Improving Derivative Pricing Approximations for Discontinuous Payoffs
- A new differential machine learning (DML) technique improves the pricing of derivatives with discontinuous payoffs, according to a report published June 23, 2026.
- The technique addresses a long-standing limitation in quantitative finance where traditional machine learning requires massive datasets to achieve accuracy.
- Standard differential machine learning relies on the existence of a smooth derivative to guide the model.
A new differential machine learning (DML) technique improves the pricing of derivatives with discontinuous payoffs, according to a report published June 23, 2026. The method allows financial institutions to approximate prices for complex instruments, such as digital options, using significantly fewer training data points than standard machine learning models.
The technique addresses a long-standing limitation in quantitative finance where traditional machine learning requires massive datasets to achieve accuracy. By incorporating “differential” data—the derivatives of the pricing function, known in banking as “the Greeks”—the model learns the shape of the pricing surface more efficiently.
How does differential machine learning handle discontinuous payoffs?
Standard differential machine learning relies on the existence of a smooth derivative to guide the model. However, derivatives with discontinuous payoffs, such as binary or digital options, feature a “jump” in value at the strike price. At this specific point, the derivative becomes mathematically undefined or infinite, which typically causes DML models to fail or produce inaccurate approximations.
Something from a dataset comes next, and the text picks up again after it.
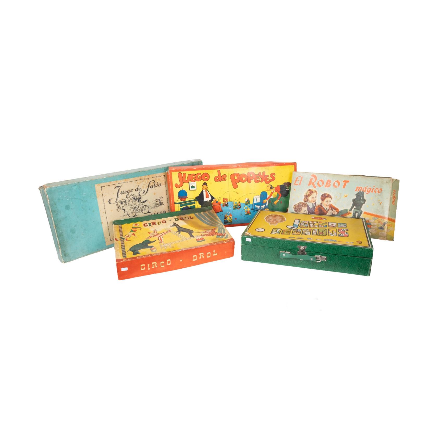 Lote de cinco juegos antiguos para niños, c.1950. Juegos reunidos Geiper, El Robot Mágico, Circo Drol, juego de Popeyes y Vuelta Ciclista España.

The new approach introduced in the report, “Differential machine learning with a difference,” implements a method to handle these discontinuities. While the specific algorithmic adjustment is technical, the process involves approximating the discontinuous jump in a way that the machine learning model can process without losing precision at the strike price.
According to the report, this allows the model to maintain the speed of a neural network while capturing the sharp edges of discontinuous payoffs that previously required computationally expensive simulations.
Why does this matter for banking operations?
Banks use these models to manage risk and set prices for exotic derivatives. The primary business impact is the reduction of computational overhead. Most banks currently rely on Monte Carlo simulations to price complex derivatives, a process that requires thousands of random trials and significant server power.
By using DML, banks can replace these slow simulations with a trained model that provides near-instantaneous pricing. This speed allows traders to react to market volatility in real time rather than waiting for batch processing of risk reports.
Furthermore, the reduction in required training data lowers the cost of model development. Standard machine learning models often require millions of simulated examples to reach convergence. DML can achieve similar or better accuracy with a fraction of that data because it learns from both the price and the rate of change of that price.
How does this compare to previous pricing methods?
The efficiency of this new technique is best understood when compared to existing industry standards. Traditional Monte Carlo methods are highly accurate but slow. Standard machine learning is fast but data-hungry and often “smooths over” the sharp jumps in discontinuous payoffs, leading to pricing errors.
- Monte Carlo Simulations: High accuracy; very slow execution; no training required.
- Standard Machine Learning: Fast execution; requires massive datasets; struggles with discontinuous “jumps.”
- Differential Machine Learning: Fast execution; requires minimal datasets; now capable of handling discontinuous payoffs.
The ability to accurately price discontinuous payoffs is critical for risk management. If a model smooths out a jump in a digital option’s payoff, the bank may miscalculate its “Delta”—the sensitivity of the option’s price to changes in the underlying asset. This can lead to incorrect hedging and unexpected financial losses.
The June 23 report suggests that this modified DML approach closes the gap between the speed of AI and the precision of traditional quantitative finance.